Segment Start: Provided material

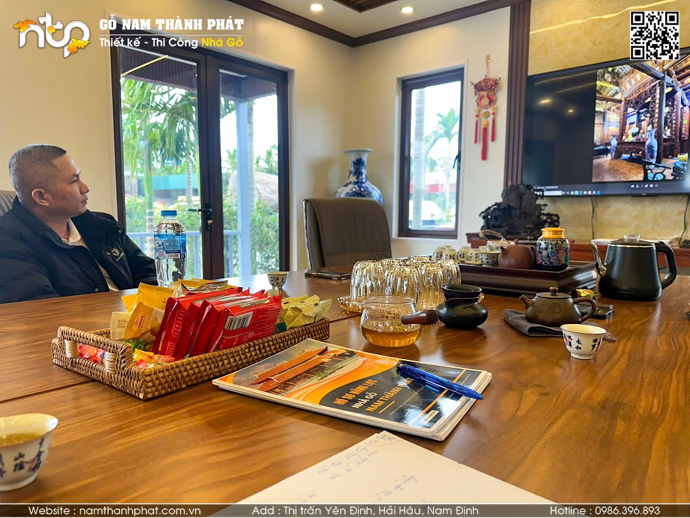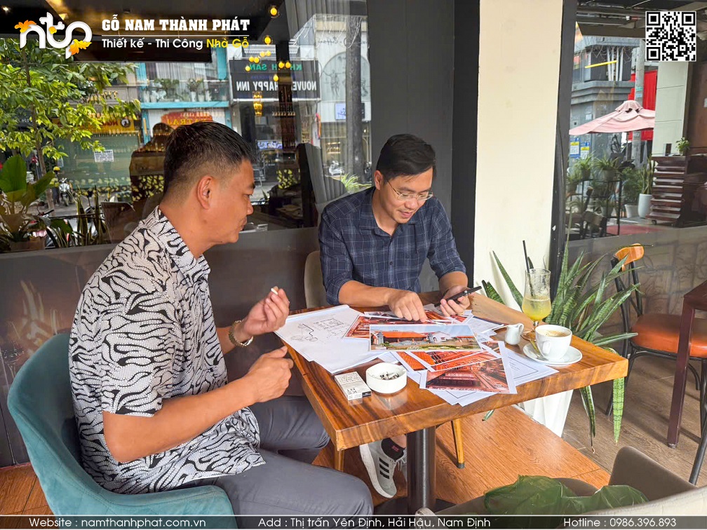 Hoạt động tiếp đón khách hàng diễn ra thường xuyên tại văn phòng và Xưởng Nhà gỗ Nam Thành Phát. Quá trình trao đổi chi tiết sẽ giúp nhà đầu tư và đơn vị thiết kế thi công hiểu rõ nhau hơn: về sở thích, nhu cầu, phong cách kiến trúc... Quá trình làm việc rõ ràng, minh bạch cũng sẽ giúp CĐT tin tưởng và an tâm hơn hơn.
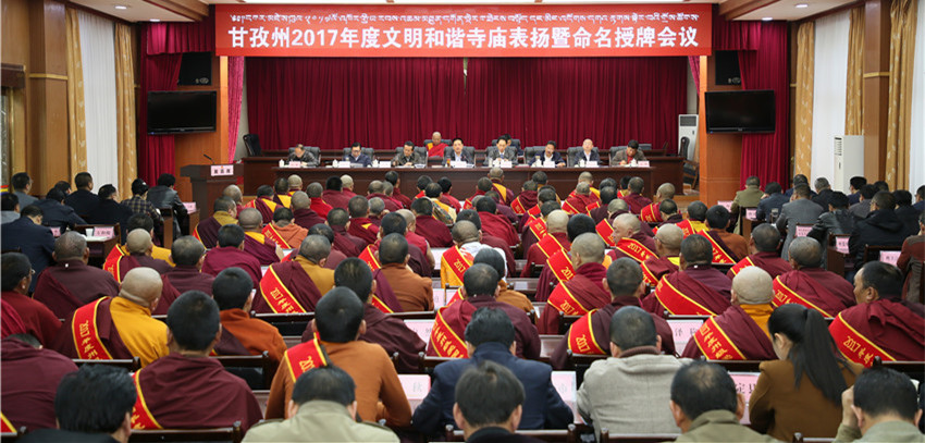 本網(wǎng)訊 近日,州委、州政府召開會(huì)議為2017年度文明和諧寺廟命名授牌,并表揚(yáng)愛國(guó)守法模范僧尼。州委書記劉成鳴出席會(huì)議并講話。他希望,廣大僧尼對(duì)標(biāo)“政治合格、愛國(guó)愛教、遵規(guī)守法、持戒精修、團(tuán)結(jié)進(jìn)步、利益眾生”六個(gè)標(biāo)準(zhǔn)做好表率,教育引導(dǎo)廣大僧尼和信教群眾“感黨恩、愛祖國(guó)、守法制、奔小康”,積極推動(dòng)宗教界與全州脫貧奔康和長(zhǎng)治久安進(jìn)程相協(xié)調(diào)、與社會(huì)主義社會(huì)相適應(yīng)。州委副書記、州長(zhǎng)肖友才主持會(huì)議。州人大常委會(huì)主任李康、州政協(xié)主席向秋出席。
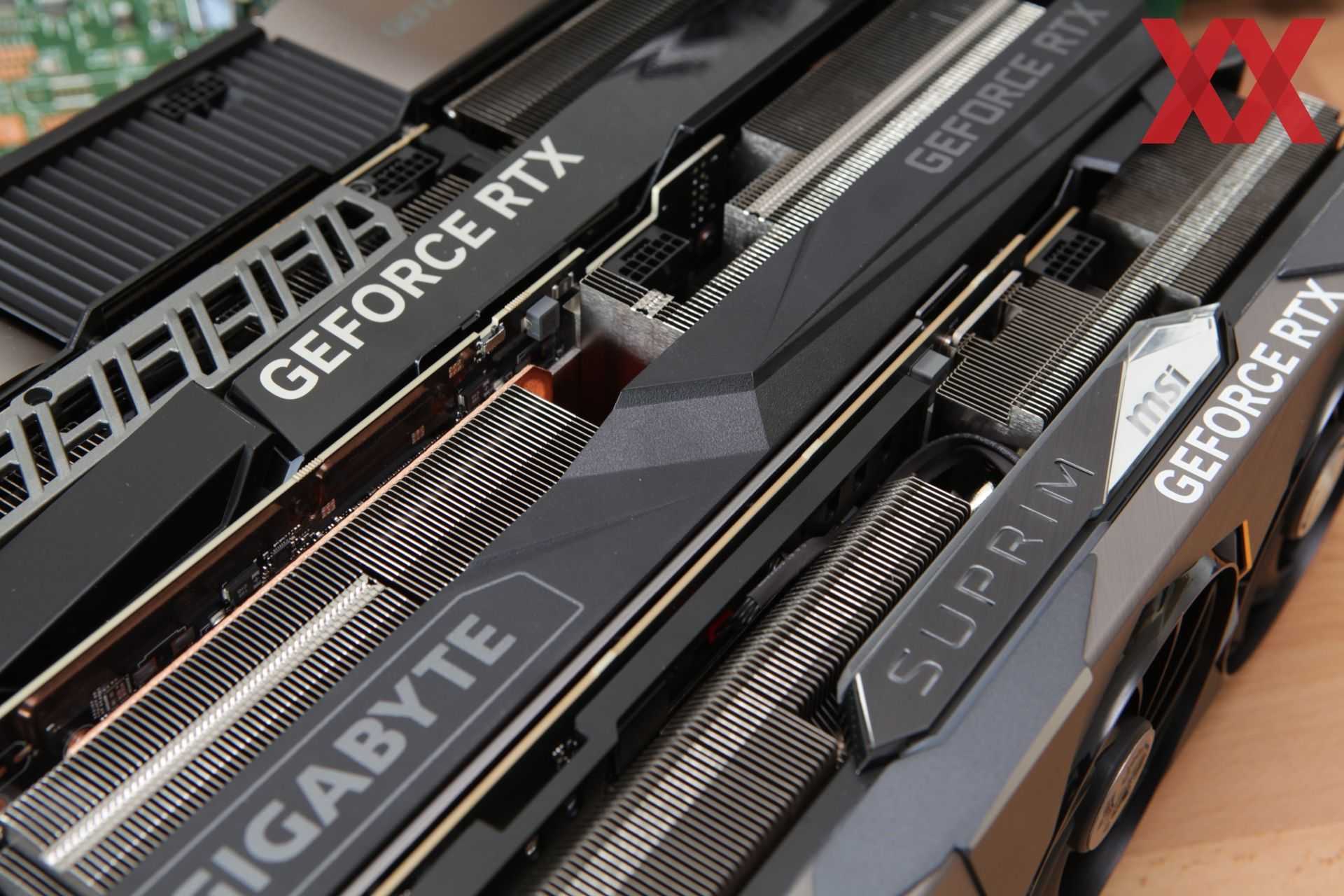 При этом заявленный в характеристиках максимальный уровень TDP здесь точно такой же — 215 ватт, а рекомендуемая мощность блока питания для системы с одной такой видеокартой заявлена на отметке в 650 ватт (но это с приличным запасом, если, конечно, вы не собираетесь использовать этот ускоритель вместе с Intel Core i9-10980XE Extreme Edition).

Segment End: Provided material

## What is required
Both the line containing "本網(wǎng)訊 近日,州" and the last line of the listing above belong in the copy, along with every line between them; retype them exactly and omit the pictures.

## Problem solution
 本網(wǎng)訊 近日,州委、州政府召開會(huì)議為2017年度文明和諧寺廟命名授牌,并表揚(yáng)愛國(guó)守法模范僧尼。州委書記劉成鳴出席會(huì)議并講話。他希望,廣大僧尼對(duì)標(biāo)“政治合格、愛國(guó)愛教、遵規(guī)守法、持戒精修、團(tuán)結(jié)進(jìn)步、利益眾生”六個(gè)標(biāo)準(zhǔn)做好表率,教育引導(dǎo)廣大僧尼和信教群眾“感黨恩、愛祖國(guó)、守法制、奔小康”,積極推動(dòng)宗教界與全州脫貧奔康和長(zhǎng)治久安進(jìn)程相協(xié)調(diào)、與社會(huì)主義社會(huì)相適應(yīng)。州委副書記、州長(zhǎng)肖友才主持會(huì)議。州人大常委會(huì)主任李康、州政協(xié)主席向秋出席。
 При этом заявленный в характеристиках максимальный уровень TDP здесь точно такой же — 215 ватт, а рекомендуемая мощность блока питания для системы с одной такой видеокартой заявлена на отметке в 650 ватт (но это с приличным запасом, если, конечно, вы не собираетесь использовать этот ускоритель вместе с Intel Core i9-10980XE Extreme Edition).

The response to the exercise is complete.